Because the valley is warmer than the surrounding areas, a number of 'half-hardy' birds winter here. Two hundred forty species of birds are known to use the C.J. Strike area annually. American white pelican, double-crested cormorant, yellow-rumped warbler and loggerhead shrike are often seen wintering here, while about 100,000 wintering and migrating waterfowl including Tundra swans and trumpeter swans can be sighted in winter and early spring. The Morley Nelson Snake River Birds of Prey National Conservation Area section of the WMA is a great place to observe the many raptors, including hawks, golden eagles, bald eagles and many types of owls. The Birds of Prey National Conservation Area is just southeast of the Bruneau Dunes State Park, a bit east of the WMA. This state park holds the tallest single-structured sand dune in North America, at 470 feet tall. The dune is a favorite for climbing, and the park offers camping, picnic area, observatory with telescopes, hiking paths and two small marsh lakes with non-motorized boat access and fishing for panfish.

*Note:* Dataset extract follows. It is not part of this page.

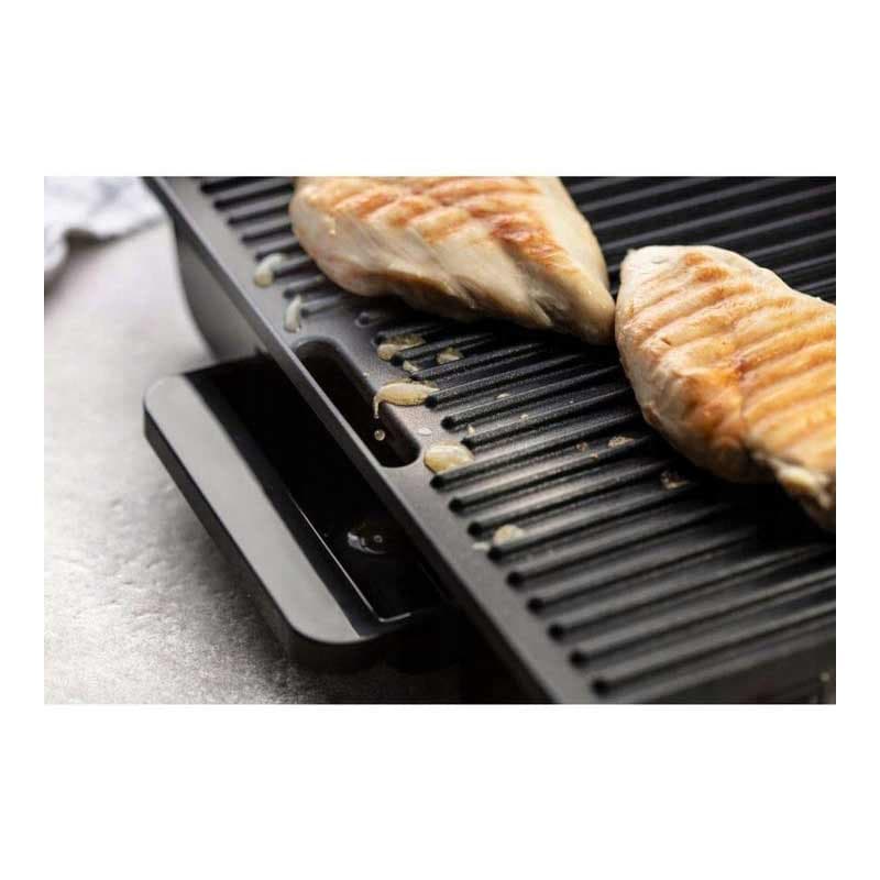 گریل تفال مدل GC3050 دستگاهی چند منظوره و کاربردیست که با بهره گیری از توان 2000 وات، برای مصارف مختلفی همچون گریل، توستر، باربیکیو و ساندویچ ساز تولید و عرضه شده. طراحی این دستگاه به گونه ای است که می توان از آن برای تست نان نیز استفاده کرد و ساندویچ های خوشمزه ای را تنها در 2 دقیقه آماده نمود. این مدل به دلیل داشتن اندازه کوچک و جمع و جور، فضای چندانی را در آشپزخانه ها اشغال نمی کند و در صورت لزوم می توان از قابلیت قرارگیری به صورت عمودی نیز بهره جست. در قسمت پایین گریل، ولوم چرخشی قرار دارد که جهت پخت مواد غذایی در 3 حالت همچون برشته کردن، آبدار و یا پخت معمولی قابل استفاده می باشد. با کمک این گریل می توان انواع گوشت و سبزیجات را بدون نیاز به اضافه کردن روغن یا کره کباب کرد و از طریق نشانگرهایی که بر روی آن طراحی شده از وضعیت پخت مطلع گشت. همچنین گریل 3050 تفال به سیستم یخ زدایی نیز مجهز شده تا بتوان از مواد غذایی فریز شده نیز بدون معطلی استفاده کرد.گریل Tefal GC-3050 از صفحات متحرکی از جنس نچسب ساخته شده و توسط دکمه ای قابل جداسازی و تعویض می باشند. مواد باقیمانده از غذاها به صفحات نمی چسبند و همین ویژگی به کیفیت پخت غذا و شستشوی آسان دستگاه کمک شایانی می کند. ترموستات قابل تنطیم و سینی جمع آوری عصاره غذاها از دیگر امکانات برجسته این گریل تفال محسوب می شود. ناگفته نماند، به لطف سینی چربی گیر، تمامی روغن های حاصل از پخت مواد غذایی در آن جمع آوری شده و در نتیجه می توان بواسطه این کباب پز برقی تفال از خوردن وعده های غذایی سالم تری لذت برد.
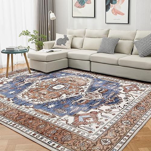 WONGS BEDDING Tapis bohème, à poils courts, lavable, doux, antidérapant, design vintage, rouge, 140 x 200 cm, YS01EA010105AS-A

Other that the tiny ranching town of Bruneau, the nearest city is Mountain Home, about 20 miles to the north. Although small, Mountain Home holds several types of lodgings, including hotels, motels and at least one bed-and-breakfast. The town also boasts a winery, golf course, farmers market and historical society museum. Rodeos are regularly scheduled near Mountain Home, a reminder that the area's history and present are both tightly tied to ranching and farming. Boise is only an hour's drive away, making C. J. Strike Reservoir an ideal getaway for a day or a weekend. Real estate is often found available in the area, although not on the reservoir itself. Few private rentals are available, but campgrounds offer cabins for non-campers. A small private resort rents campsites and a few cabins. C. J. Strike Reservoir is the perfect spot to camp, fish and explore. Come for a day, a week or even longer. It would take months to see everything there is to see at C. J. Strike Reservoir.